Employment in industries involving exposure to organic dusts such as wood, textile, and paper has been investigated by the International Agency for Research on Cancer (IARC) for its carcinogenic potential and categorized as human carcinogen (group 1) (8, 9), possibly carcinogenic to humans (group 2B) (10), and as not classifiable as to its carcinogenicity to humans (group 3), respectively (11). Childhood cancers were not evaluated due to the small number of studies available at the time of the IARC classification. However, several subsequent studies have found increased risks of leukemia and some also for central nervous system (CNS) cancers, in particular in relation to wood exposures (1–4, 12), while studies are lacking on textile and paper exposures.

Even though working in paper industries is not categorized as carcinogenic (IARC group 3) in IARC’s relatively old evaluation there are some overlaps in exposure with wood industries and we have chosen to include this exposure.
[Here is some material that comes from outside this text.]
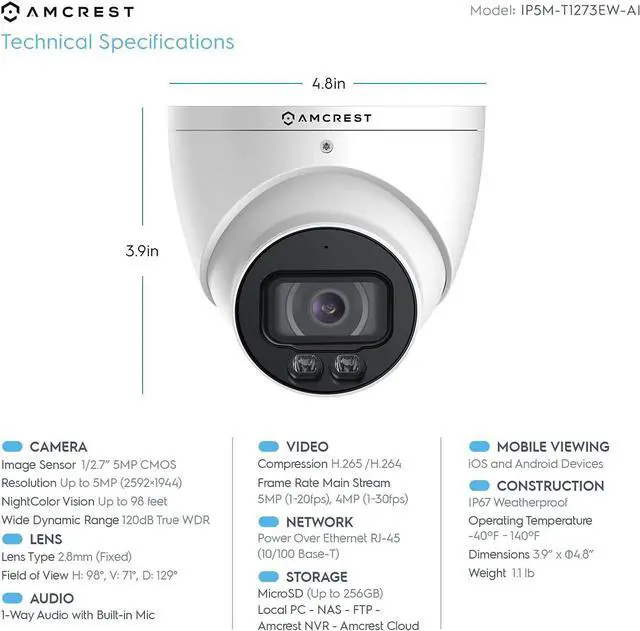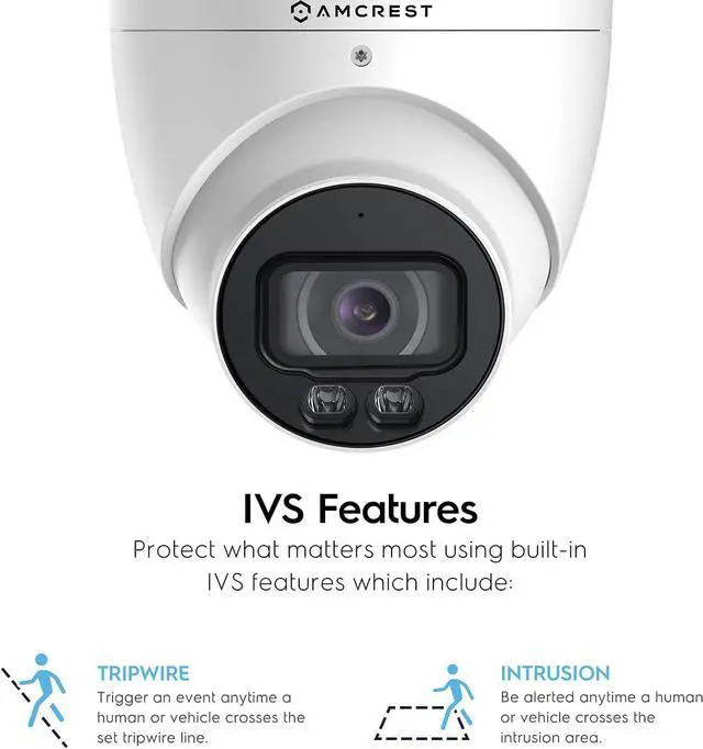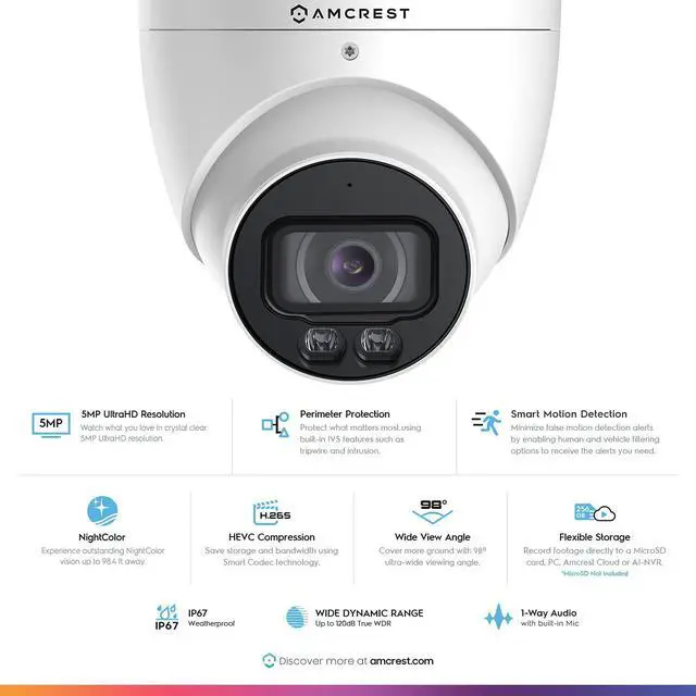 AI FEATURES – The Nightcolor Turret PoE AI Camera features Human & Vehicle Detection, and IVS Features (Tripwire, Intrusion). 5-Megapixel @20fps video with a super-wide 98° viewing angle. PoE injector or switch required; not included, sold separately. SMARTER SECURITY – Receive motion alert notifications and review footage via your smartphone with the Amcrest View app. Playback and record professionally on a PC using the Amcrest Surveillance Pro software for Windows and MAC (included) or Blue Iris Professional. Works with Amcrest Cloud remote video storage, Amcrest NVRs, Synology and QNAP NAS, FTP, SeaMonkey, and Pale Moon Browsers, IE, Safari, Firefox 49.0 and Chrome with Amcrest Web View Extension.

We used Danish registers of high validity (13–16) and completeness to investigate whether offspring of mothers and fathers working in industries where organic dust exposure occurs, have increased risk of leukemia, central nervous system cancers and cancers thought to have originated before birth i.e. prenatal cancers.

2. Methods

2.1. Ascertainment of cases and controls

The Danish Cancer Registry was founded in 1942 and contains both personal information such as date of birth and sex as well as tumor characteristics (13). Before 1978 diagnoses were classified using a conversion system from the original notification forms to a Danish modification of International Classification of Disease, Revision 7 (ICD-7); a converted version of ICD-10 until 2003 and subsequently ICD-10 (13) while topography and morphology were kept according to International Classification of Childhood Cancer (ICCC) revisions 1 (ICCC-1) and 3 (ICCC-3) (17, 18).
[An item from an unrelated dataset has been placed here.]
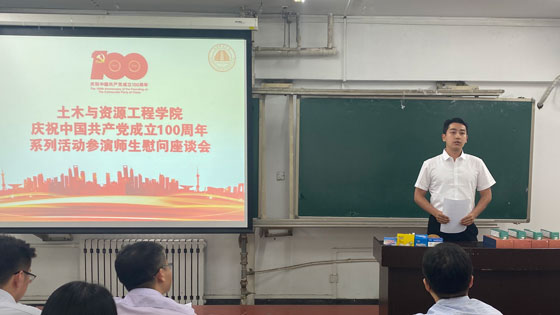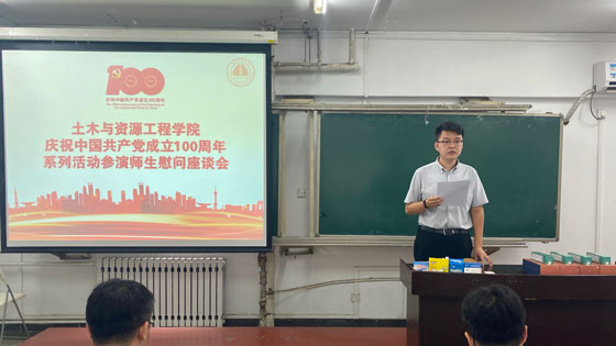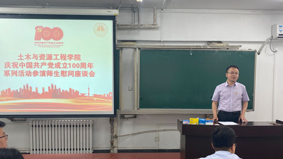 6月25日下午,万象城体育awcsport举行庆祝中国共产党成立100周年系列活动参演师生慰问座谈会,院党委书记苗胜军,院长尹升华,辅导员牛小萌、侯珂以及参与系列庆祝活动的学生成员参与座谈。活动由辅导员侯珂主持。

The unique 10-digit personal identifier, the CPR-number, given to all Danish residents, establishes each person in the registry. The number is designated by the Civil Registration System, founded in 1968, and used by all registries in Denmark, thereby securing correct linkages and prevents counting the same case more than once. It stores present and historical information on parents, spouses, children, siblings, and vital status. Further, it is updated daily and information includes emigration or death (15).

All children born in Denmark between 1968–2013 and diagnosed with cancers during 1968–2016 were identified for this study with International Classification of Childhood Cancer (ICCC-1 and ICCC-3) (See Supplementary table 2 for ICCC codes). . Twenty-five controls per case alive and free of cancer at time of diagnosis of the index child, matched on year of birth and sex, were randomly selected from the Civil Registration System. In order to retrieve parental employment history perinatally, children born outside Denmark were excluded.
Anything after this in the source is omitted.